Policy Issues



Over a decade after the GSEs, Fannie Mae and Freddie Mac, were put into conservatorship, the U.S. housing finance system still has not been reformed.

GSE reform remains a top priority for the Trump Administration, Senate Banking Committee Chair Mike Crapo (R-ID) and House Financial Services Committee Chairwoman Maxine Waters (D-CA).



Successful reform should meet the housing finance needs of the American economy while protecting the taxpayer. The Roundtable encourages policymakers to build upon successful risk-sharing mechanisms and products by employing the existing multifamily finance structures being used by Fannie Mae and Freddie Mac that have been essential in expanding the supply of rural, senior, workforce and affordable rental housing.

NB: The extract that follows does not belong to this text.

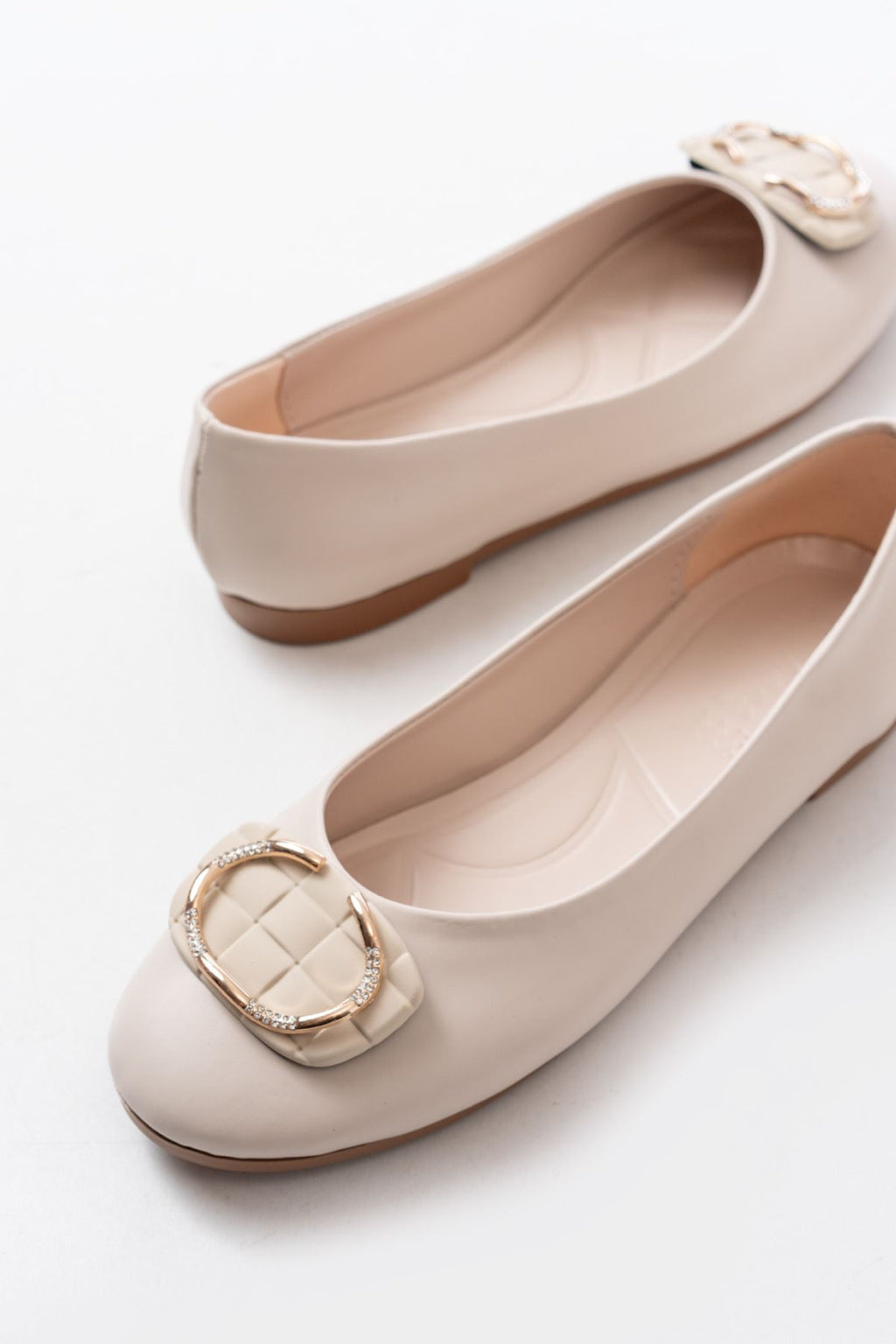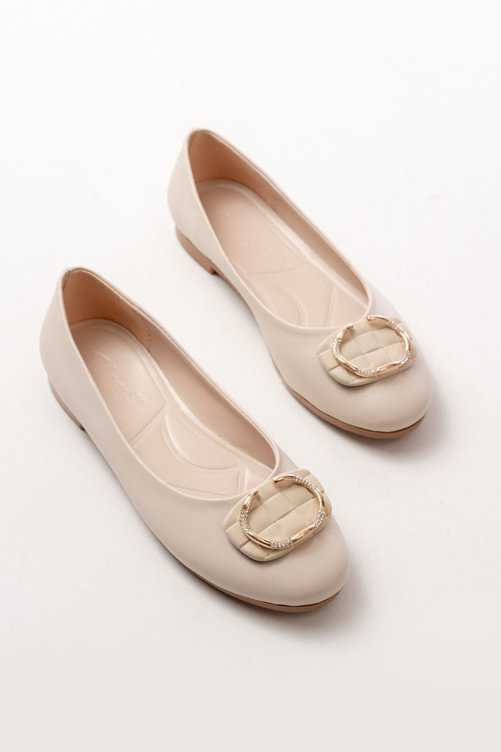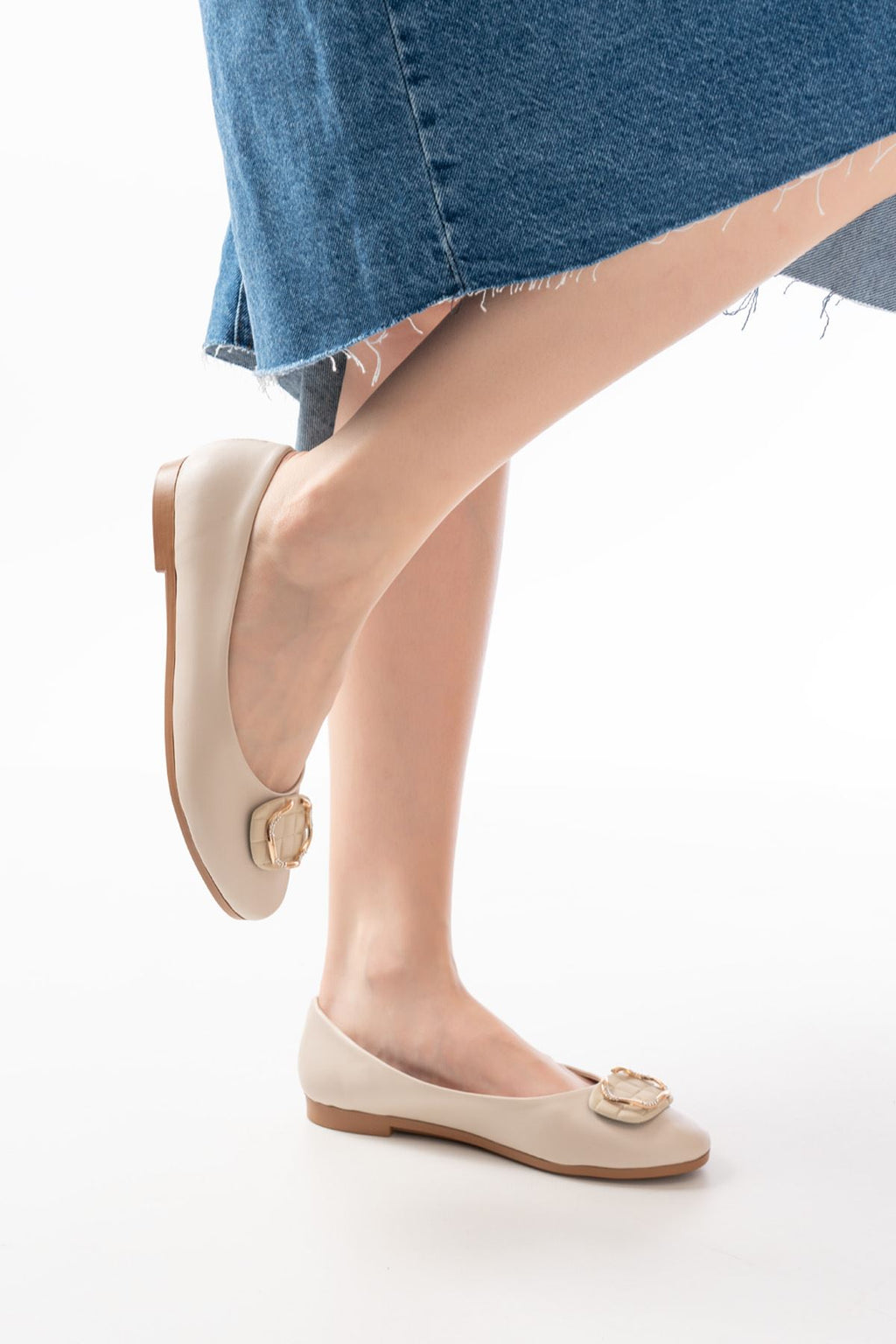 Cleren Bej Tokalı Aksesuarlı Kadın Babet Ayakkabı

In February, Senate Banking Committee Chairman Mike Crapo (R-ID) released an outline for housing finance reform legislation.  The outline incorporates elements of many plans and principles for housing finance reform legislation that have been discussed by legislators, analysts, stakeholders and thought leaders. No legislation has been introduced in the 116th Congress.

In March, the administration put forward an outline for reforming the GSEs, and the White House recently directed the Treasury Secretary and other "relevant agencies" to develop a "Treasury Housing Reform Plan" and to determine what reforms can be made “administratively” without Congressional action.

Housing finance reform must appropriately balance taxpayer protections with the need to establish an efficient marketplace that can provide strong and sustained mortgage liquidity in single family and multifamily markets – as well as affordable housing.